▶ EXERCISE OBJECTIVE:
Write down exactly the lines from the one below that has "배우 송재림이 자동차 트렁크에 숨은 사진을 공개했다." to the end of the data, both ends included; the pictures should not appear in your copy.

▶ RECORDS FOR PROCESSING:
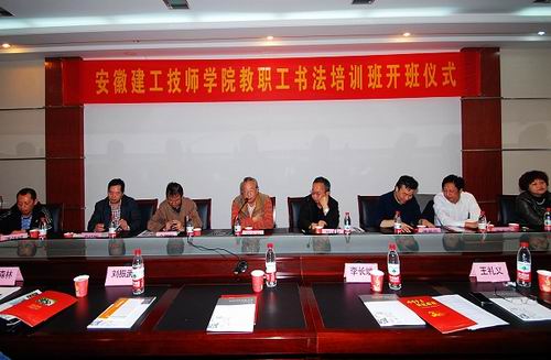 10月23日上午,安徽建工技師學(xué)院隆重舉行書法培訓(xùn)班開班儀式。省國(guó)資委副主任、常務(wù)副書記吳經(jīng)華,省書法家協(xié)會(huì)名譽(yù)主席張良勛,省書法名家余國(guó)松、傅愛國(guó)、張兆玉、史培剛,劉重秋、潘偉城,安徽建工集團(tuán)公司領(lǐng)導(dǎo)李長(zhǎng)斌、王禮義等出席了開班儀式,安徽建工技師學(xué)院領(lǐng)導(dǎo)、學(xué)院中層管理人員及書法愛好者參加了開班儀式。
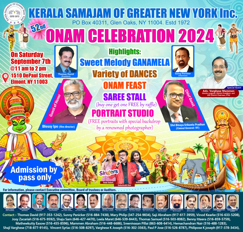 ന്യൂയോർക്ക്: നോർത്ത് അമേരിക്കയിലെ ഏറ്റവും പുരാതന മലയാളീ അസ്സോസ്സിയേഷനായ കേരളാ സമാജം ഓഫ് ഗ്രെയ്റ്റർ ന്യൂയോർക്ക് 2024-ലെ ഓണാഘോഷം സെപ്റ്റംബർ 7 ശനിയാഴ്ച രാവിലെ 11 മണി മുതൽ ഏറ്റവും സമുചിതമായി ആഘോഷിക്കുവാൻ തയ്യാറെടുക്കുന്നു. കഴിഞ്ഞ 52-ലധികം വർഷമായി ന്യൂയോർക്കിലെ ലോങ്ങ് ഐലൻഡ് കേന്ദ്രീകൃതമായി പ്രവർത്തിക്കുന്ന ആദ്യകാല മലയാളീ സംഘടനയാണ് കേരളാ സമാജം ഓഫ് ഗ്രെയ്റ്റർ ന്യൂയോർക്ക്. എൽമോണ്ടിലുള്ള സെൻറ് വിൻസെൻറ് ഡീപോൾ സീറോ മലങ്കര കാത്തലിക്ക് പള്ളിയുടെ പുതിയ ഓഡിറ്റോറിയത്തിൽ (St. Vincent DePaul Syro Malankara Catholic Cathedral, 1500 St. Vincent Street, Elmont, NY 11003) വച്ചാണ് ഈ വർഷത്തെ ഓണാഘോഷവും ഓണ സദ്യയും ശനിയാഴ്ച രാവിലെ 11 മുതൽ ക്രമീകരിച്ചിരിക്കുന്നത്.
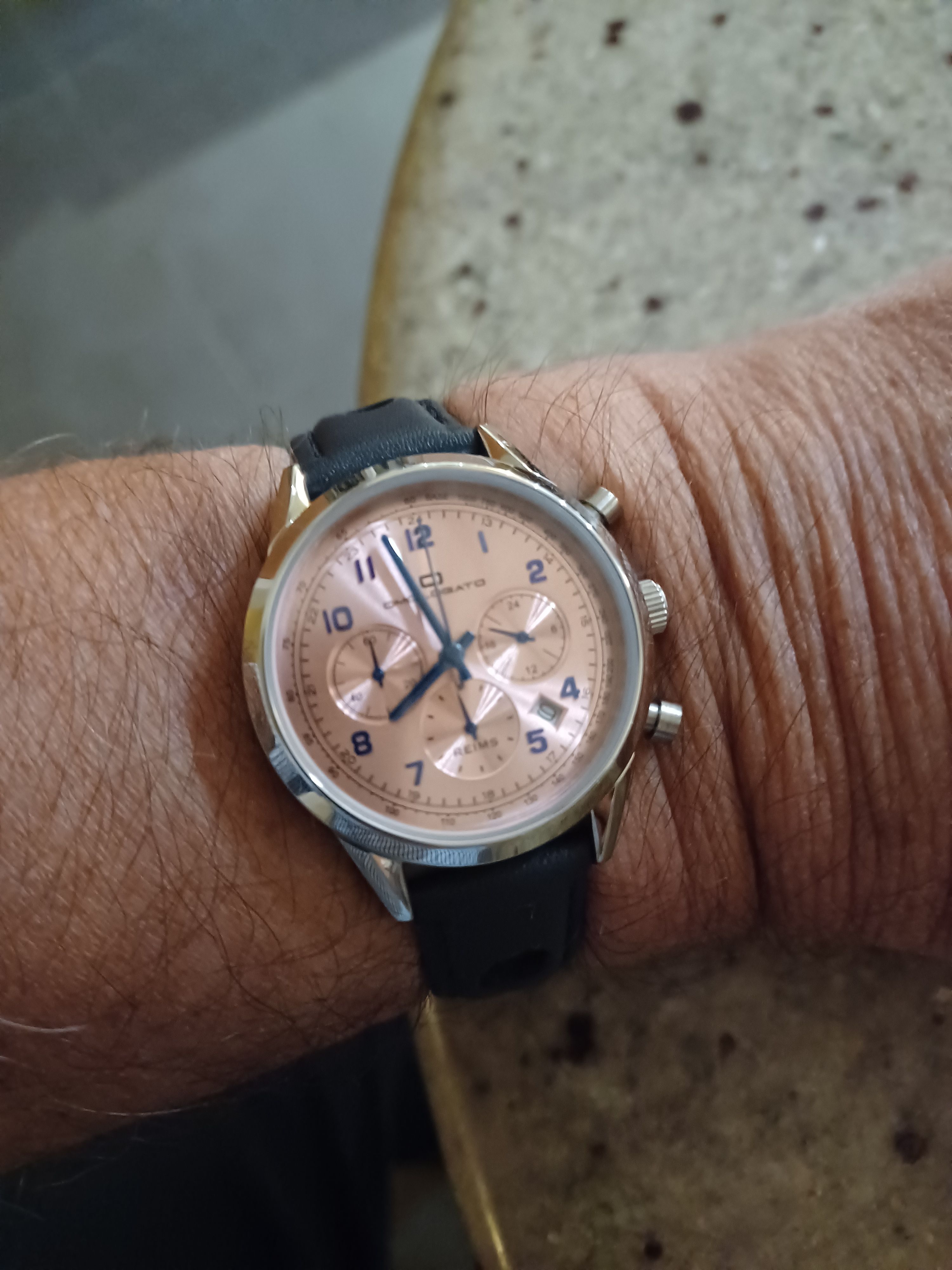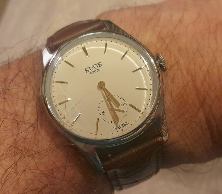 Arrived today just grabbed a quick piccie, hopefully get some better pictures tomorrow in daylight. Probably not a watch for many here as it doesn't fit the usual dive or field or tool watch vibe. It really matches with where I am at the moment with watches. Hugely retro and dressy.
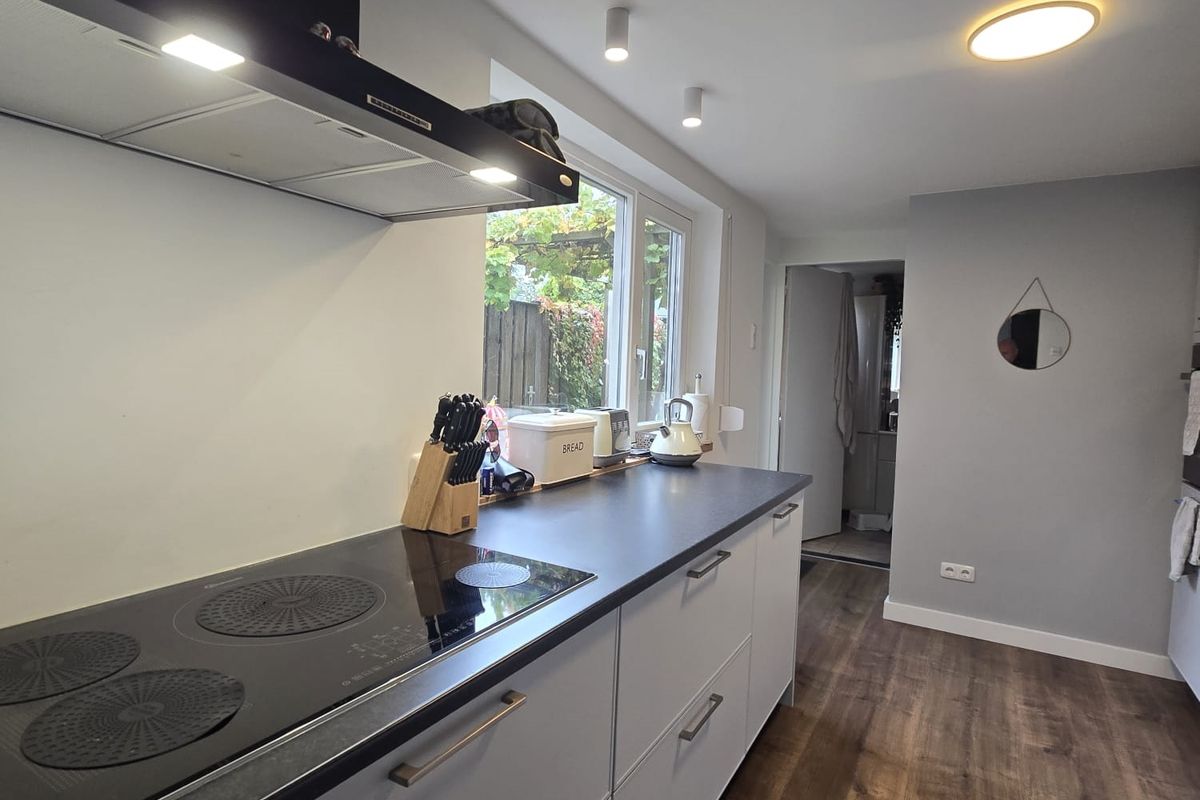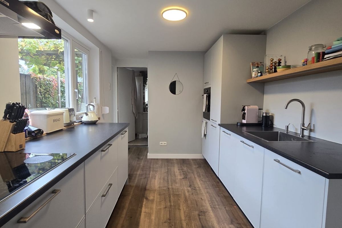 De halfopen keuken sluit hier naadloos op aan en is voorzien van moderne inbouwapparatuur: een vijfpits inductiekookplaat, vaatwasser, koel-vriescombinatie en een oven, de keuken beschikt ook over een ruime kelderkast.
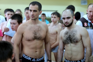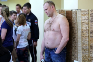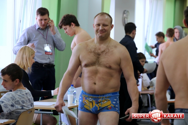 Так как взвешивание на мандатной комиссии учитывается при вынесении решения в равном поединке, то народ на мандатной максимально облегчал форму одежды.
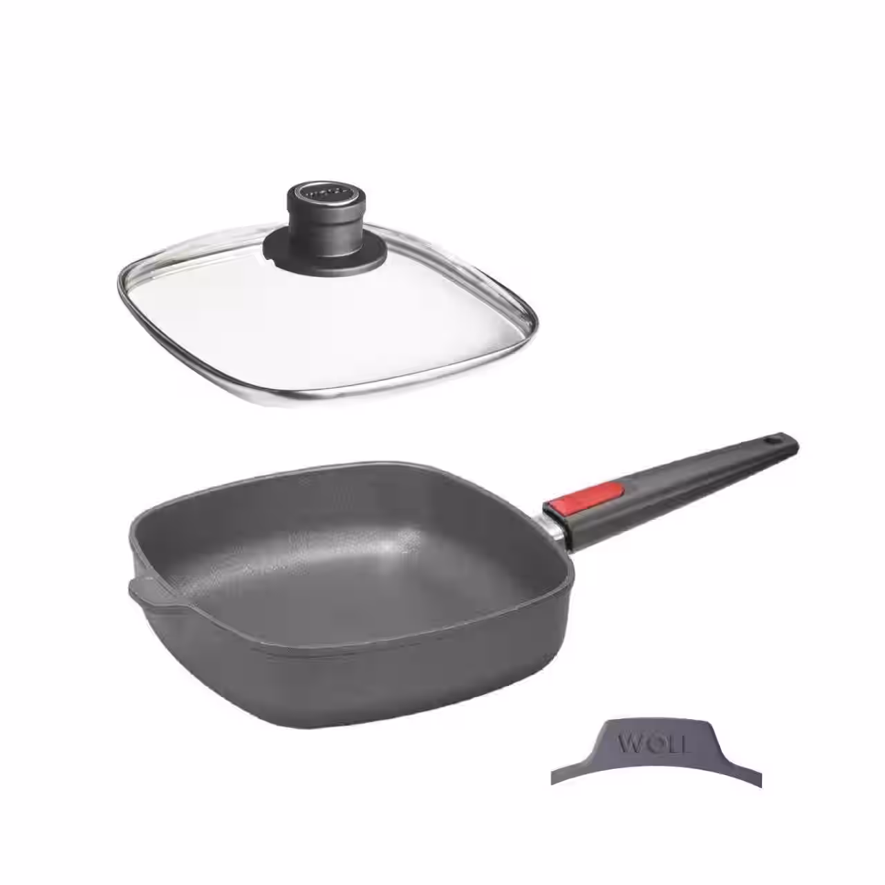 Robuste, geräumige Woll Viereckpfanne beschichtet aus hochwertigem Aluguss als günstiges Setangebot.
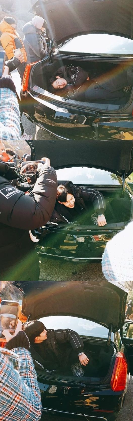 배우 송재림이 자동차 트렁크에 숨은 사진을 공개했다.
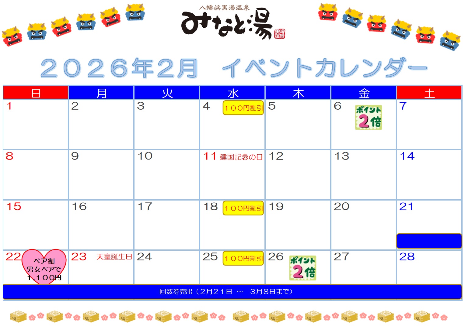 今月は、2月6日の「フロの日」もポイント2倍とさせていただきます。
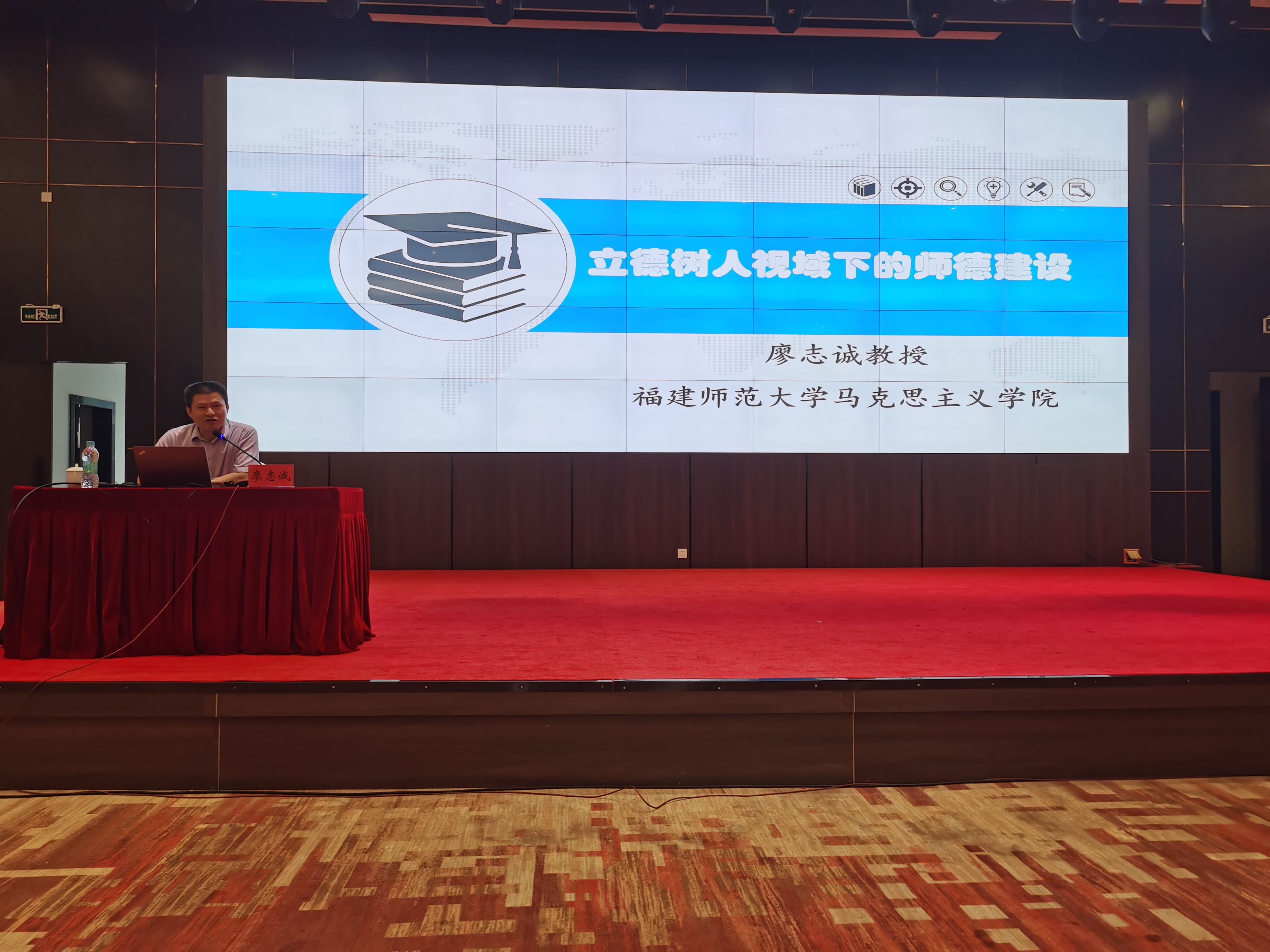 福建師范大學(xué)馬克思主義學(xué)院教授、法學(xué)博士、碩導(dǎo)、思想政治教育專(zhuān)業(yè)碩士點(diǎn)學(xué)科帶頭人廖志誠(chéng)以《立德樹(shù)人視域下的師德建設(shè)》為題,從師德建設(shè)的目標(biāo)、任務(wù)、關(guān)鍵等入手全面分析了新時(shí)代立德樹(shù)人對(duì)師德的基本要求,通過(guò)理論分析、案例分享對(duì)如何在立德樹(shù)人視域下推進(jìn)師德建設(shè)進(jìn)行了解讀,為我校進(jìn)一步推進(jìn)師德師風(fēng)建設(shè)具有積極意義。

▶ SOLUTION TO THIS TASK:
 배우 송재림이 자동차 트렁크에 숨은 사진을 공개했다.
 今月は、2月6日の「フロの日」もポイント2倍とさせていただきます。
 福建師范大學(xué)馬克思主義學(xué)院教授、法學(xué)博士、碩導(dǎo)、思想政治教育專(zhuān)業(yè)碩士點(diǎn)學(xué)科帶頭人廖志誠(chéng)以《立德樹(shù)人視域下的師德建設(shè)》為題,從師德建設(shè)的目標(biāo)、任務(wù)、關(guān)鍵等入手全面分析了新時(shí)代立德樹(shù)人對(duì)師德的基本要求,通過(guò)理論分析、案例分享對(duì)如何在立德樹(shù)人視域下推進(jìn)師德建設(shè)進(jìn)行了解讀,為我校進(jìn)一步推進(jìn)師德師風(fēng)建設(shè)具有積極意義。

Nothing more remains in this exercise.